Thursday, November 12, 2015

"We Smarter Than Y'all Was! "


I found myself in a classroom today in which an English teacher had an "unplanned" absence. She broke one of her ankles being Superwoman on the basketball court and to that end left no assignment for her kids.  I won't call myself a writer as I don't get paid for it, but I do pride myself in my ability to put sentences together. I gave myself five minutes to think and came up with a writing prompt which I thought wouldn't prove too daunting to a ninth grade English class. The prompt?

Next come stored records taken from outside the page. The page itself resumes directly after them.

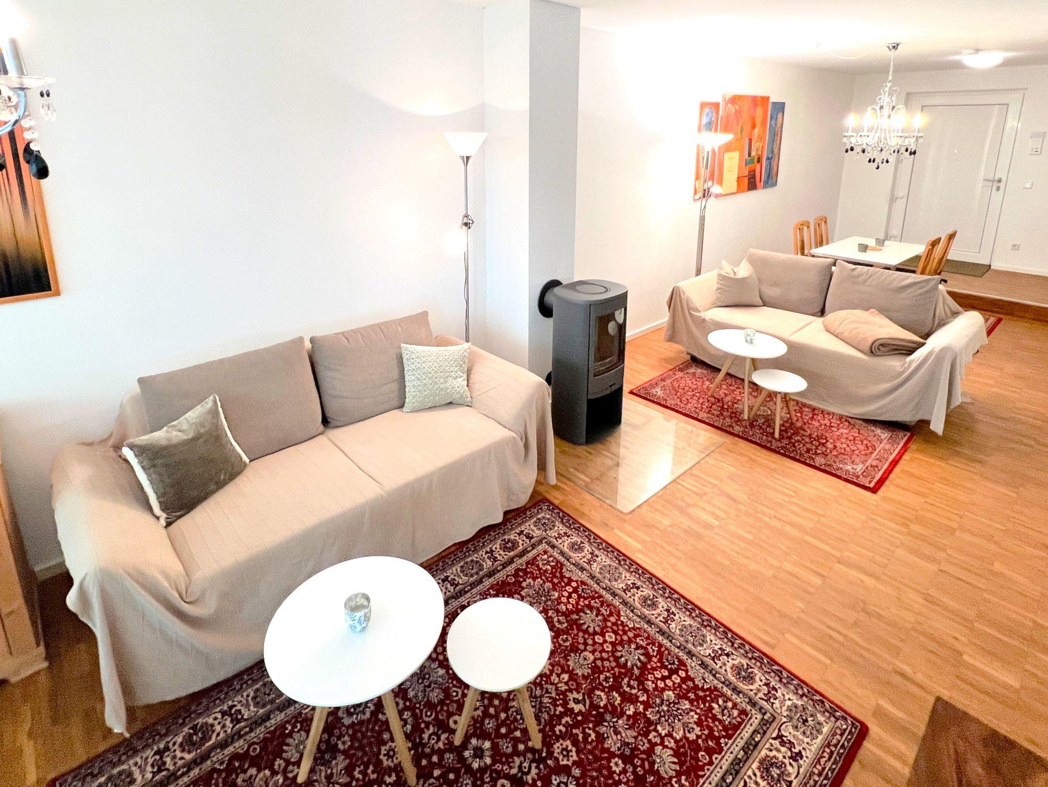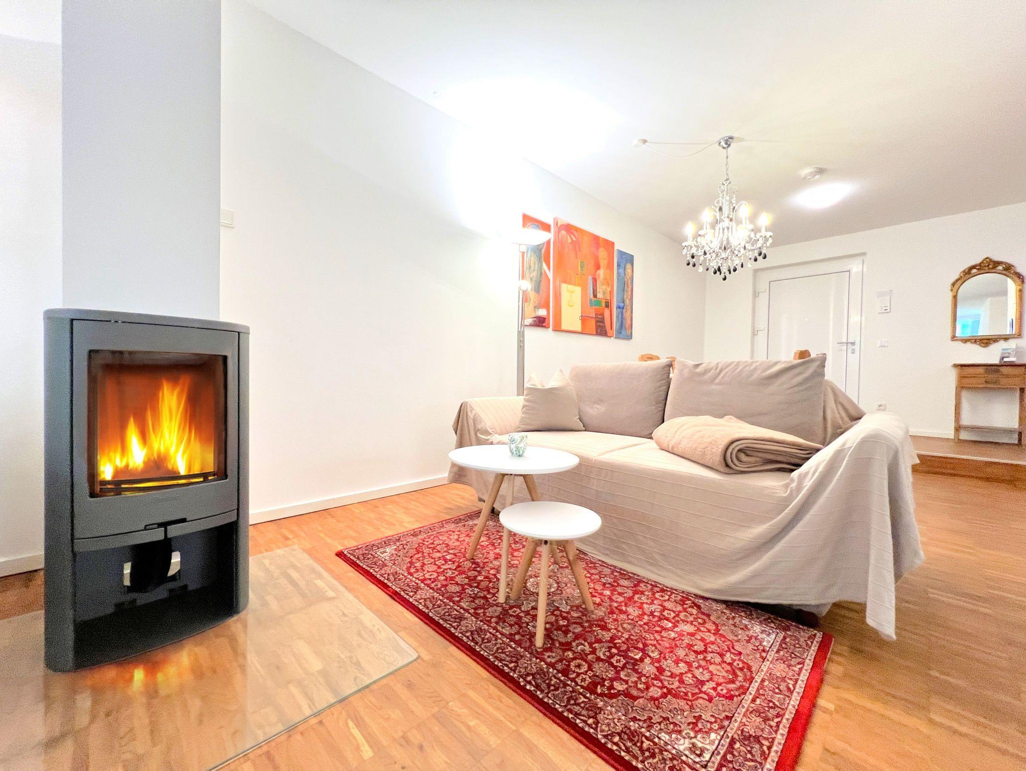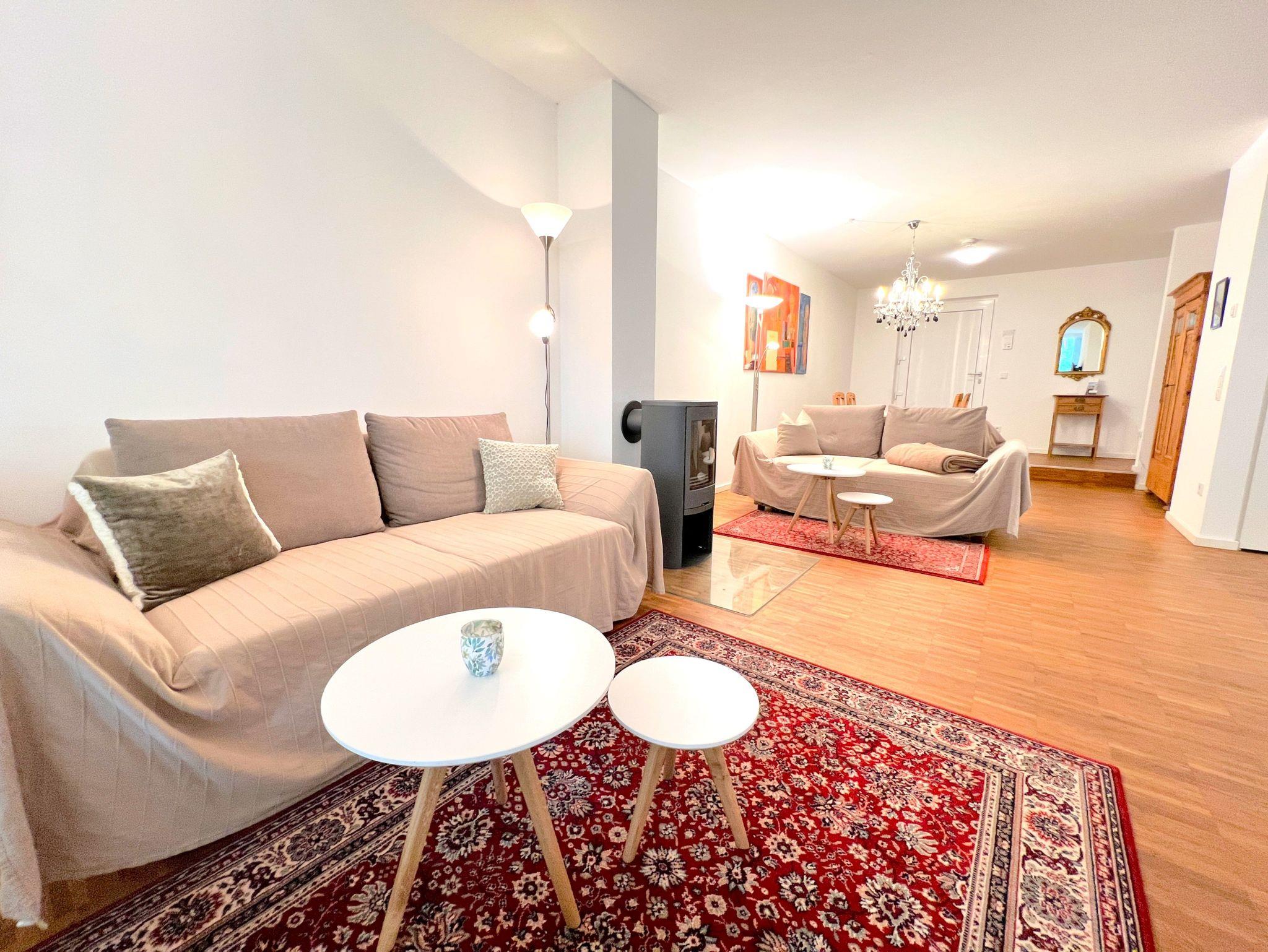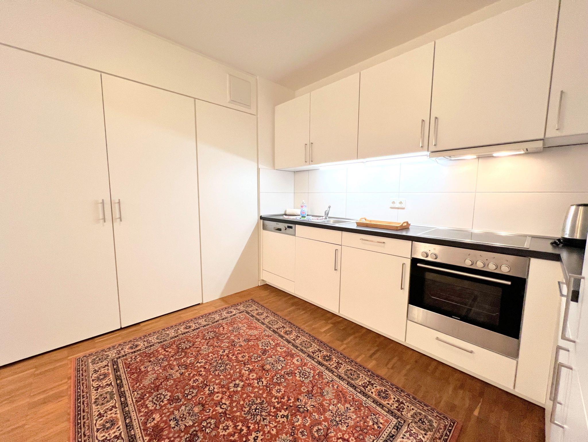 Das separate Schlafzimmer ist mit einem komfortablen Boxspringbett (1,80×2,00m) und TV ausgestattet. Die offene Küche verfügt u.a. über Backofen, Herd, Geschirrspüler, Kühlschrank mit Gefrierfach sowie Kaffeemaschine, Wasserkocher und Toaster. Das moderne Badezimmer bietet eine bodengleiche Dusche und eine Waschmaschine. WLAN, zwei Fernseher, Fußbodenheizung, ein Arbeitsplatz sowie ein Aufzug im Haus sorgen für zusätzlichen Komfort. Die Wohnung ist Nichtraucherbereich, Haustiere auf Anfrage.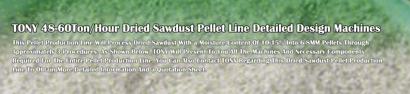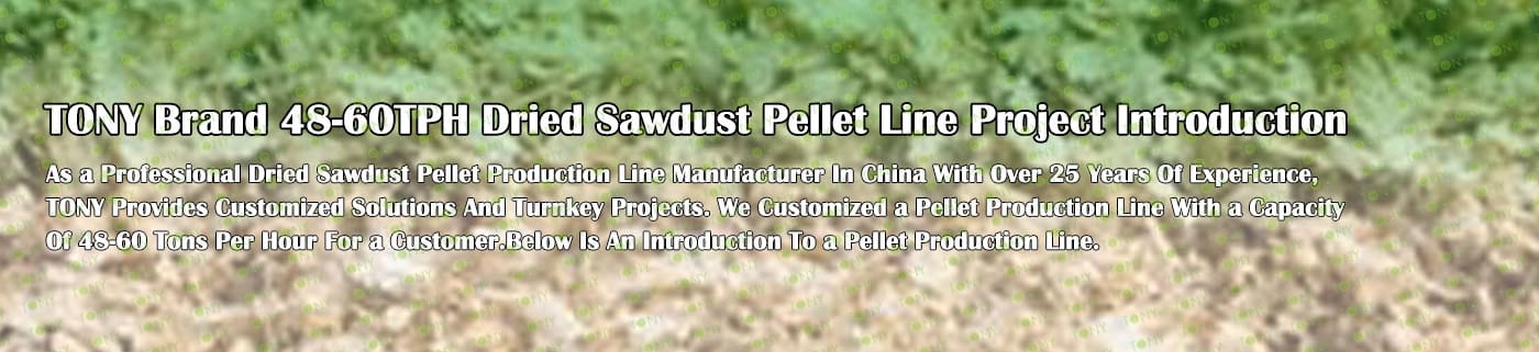 TONY Brand 48-60Ton/Hour Dried Sawdust Pellet Manufacturing Plant can take dried sawdust,wood chips, various types of wood - related biomass materials, such as wood pallets ,branches, wood logs, and wood shavings. After pretreatment and processing, dried sawdust is solidified into high - density wood pellet fuel. This fuel is an ideal substitute for coal and oil and plays a role in energy conservation and emission reduction.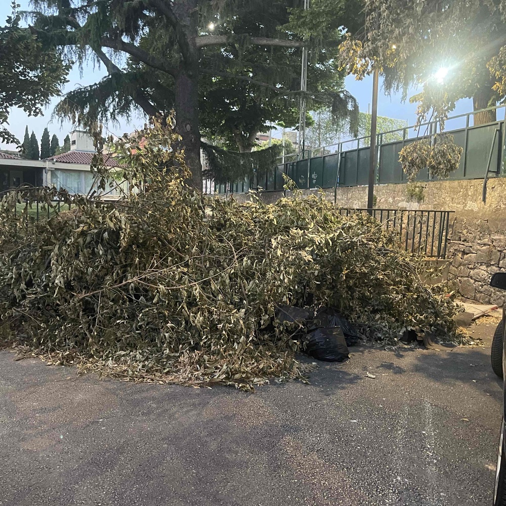 Treba ukloniti krovne panele, grane i lišće koje su vatrogasci uklonili iz talijanskog vrtića nakon nevremena 16. lipnja 2025. Također, potrebno je odrezati odlomljene i sada već suhe grane koje vise iznad parkirališta. Nevjerojatno je da ste jučer, 25. lipnja, radili isto sa strane rukometnog igrališta, kao da ova strana nije dio istog drva. Na moj upit, odgovorili ste da to radi druga grupa. Komentar je suvišan. Ovo je drugi put da vam se obraćamo zbog istog problema. Ulica Mattea Benussija 16 (dvorište uz ogradu talijanskog vrtića). Ugodan dan!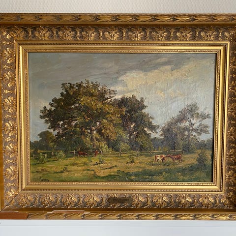 Oliemaleri, Aksel M Lassen, motiv: Landskab, stil: Naturalistisk, b: 33 h: 28, Ældre OlieMaleri af Aksel M Lassen 1869-1946

"The richest people in the world have offered you a charge card which gives you access to ALL their money for one week. In that week you can spend as much of their money as you can, but you agree that at the end of that week to be executed on live television. There are conditions. You can't simply GIVE their money away. You have to use it to buy things (no you can't BUY a cashiers check for a trillion and give it to your family) but the things can be bought and given away. You can't assassinate the people whose money you're spending and you can't buy your life back.  Would you take it? Explain your answer in detail."

That was the assignment. When invariably asked "How long it gotta be?" I responded "How long does it take you to express yourself? How long does it take for you to evaluate an ethical dilemma? Give me your answer and explain your answer as best you can." Some students took the ball and ran with it. I got some well thought out responses, but I also got a plethora of blank pages and the odd paper with two or three sentences as a response.

One student handed in a two sentence reply. The grammar was horrific, the punctuation was non existent and the subject verb agreement was painful. I looked at the paper and at him and asked: "Is this all you want to say?"
"YEAH!" He replied angrily. "What I'm supposed to do now?"
"Well, read and write down in your reading log." Students are given reading diaries to indicate what their reading and their degree of understanding of the materials. He did that for a few minutes then asked to go to the library. I asked why and was informed that he was "Bored." I pointed out that boredom was part of life and if he was truly bored to read something. He bellowed "I don't come to school ta mutha-fuckin' READ!" I reminded him that he was in an English class and the better part of what we did in English classes was reading and told him not to swear when speaking to me."

One of his classmates chimed in. "We aint here to read. We here to PASS!" I mentioned that every class required some reading and they were in school to learn and that learning was done quite often by reading. "Hell naw!" the student answered "We just gotta pass. We aint gotta read nothin'!"  He then stormed across the room saying "Y'all act like school was so much harder when y'all went through it. All y'all was doin' was READIN' shit. Fuck it! We smarter than y'all was cause we take more tests than y'all did! " His classmates emphatically agreed.

Part of me wanted to laugh in his face for being so ignorant, another part of my wanted to cry because he and his brethren HONESTLY believe what he said to be the truth. He's a ninth grader who reads at maybe a 5th grade level.  His vocabulary  is minuscule and he sincerely believes that not only is he my intellectual superior, but that his superiority is borne of having to take "more tests" and that all he has to do in school is "pass." He made this declaration with such conviction that I didn't doubt his sincerity.
     He reminded me of a chihuahua restrained by a leash as he charges a rottweiler.

I write this piece NOT to ridicule this child as he's obviously NOT the only one, but rather to provide those of you who are NOT in a classroom with a window into what we have to deal with in the course of our day. Children are given low standards from elementary school and are told that "good enough" is all that's expected of them.  You needn't make the honor roll, you need only "pass."  They spend a third of the school year either testing or preparing to be tested and they honestly believe that these tests accurately measure their intellect and make them as smart (if not smarter) than those attempting to teach them.
        Giving students a test once a year and using that test as a bench mark for student progress on the surface isn't a bad idea, but when you reach the point where you've created a culture of quasi-professional test takers whose only education was how to take a test you've damned an entire nation and began the path to the Idiocracy of which Mike Judge wrote.